NRG-BN002: Phase I study of ipilimumab, nivolumab, and the combination in patients with newly diagnosed glioblastoma.

机构信息

Piedmont Healthcare, Atlanta, Georgia, USA.

Case Western Reserve University & Case Comprehensive Cancer Center, Cleveland, Ohio, USA.

出版信息

Neuro Oncol. 2024 Sep 5;26(9):1628-1637. doi: 10.1093/neuonc/noae058.

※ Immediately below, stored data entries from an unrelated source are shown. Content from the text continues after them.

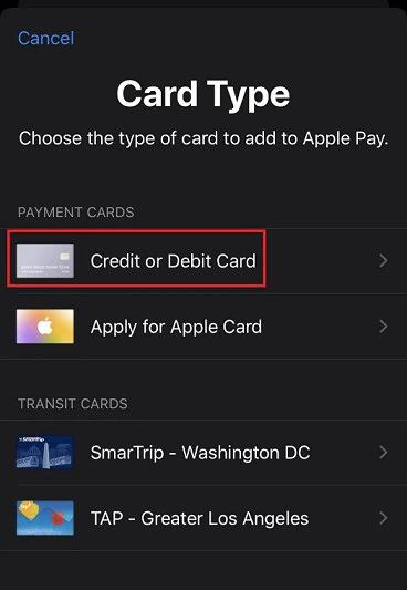 Select Card type = Credit or Debit card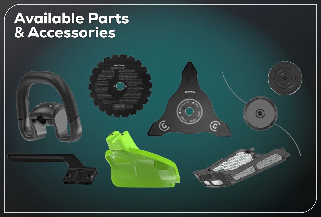 Compatible with a variety of trimmer heads, trimmer lines, brush blades and trimmer/brush guards, straps, grease, spool covers, auxiliary handles, air intakes, batteries, and barrier bars. |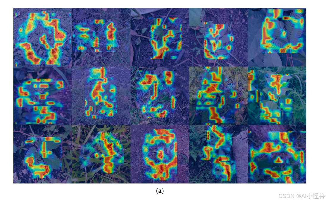 在特征热图的可视化中,MIE-YOLO在多个杂草样本上显示出连续的高响应区域。这些高响应区域通常与叶缘、茎节或植物的典型纹理特征对齐,而不是背景杂草或土壤纹理,这表明尽管存在复杂的遮挡和背景干扰,模型仍能实现更准确的空间注意力。与传统的检测器相比,热图中的高响应块更加集中,边界更清晰,背景虚假激活显著减少。这反映了MIE-YOLO在类别判断和局部特征增强方面的鲁棒性,有助于提高对纹理相近杂草的检出率。

DOI:10.1093/neuonc/noae058
PMID:38874333
原文链接:https://pmc.ncbi.nlm.nih.gov/articles/PMC11376446/
Abstract

BACKGROUND

Immune checkpoint inhibitors (ICIs) have efficacy in several solid tumors but limited efficacy in glioblastoma (GBM). This study evaluated the safety of anti-CTLA-4 and anti-PD-1 ICIs alone or in combination in newly diagnosed GBM after completion of standard radiochemotherapy with the subsequent intent to test combinatorial ICIs in this setting.

METHODS

The primary endpoint was dose-limiting toxicity (DLT) for adults with unifocal, supratentorial newly diagnosed GBM after resection and chemoradiation. Ipilimumab and nivolumab were tested separately and in combination with a planned expansion cohort dependent upon DLT results.

RESULTS

Thirty-two patients were enrolled at 9 institutions: 6 to each DLT assessment cohort and 14 to the expansion cohort. Median age: 55 years, 67.7% male, 83.9% White. Treatment was well tolerated with 16% Grade 4 events; the combination did not have unexpectedly increased toxicity, with no Grade 5 events. One DLT was seen in each single-agent treatment; none were observed in the combination, leading to expanded accrual of the combined treatment. The median follow-up was 19.6 months. For all patients receiving combination treatment, median overall survival (OS) and progression-free survival (PFS) were 20.7 and 16.1 months, respectively.

CONCLUSIONS

IPI and NIVO are safe and tolerable with toxicities similar to those noted with other cancers when given in combination with adjuvant temozolomide for newly diagnosed GBM. Combination IPI + NIVO is not substantially more toxic than single agents. These results support a subsequent efficacy trial to test the combination of ICIs in Phase II/III for patients with newly diagnosed GBM.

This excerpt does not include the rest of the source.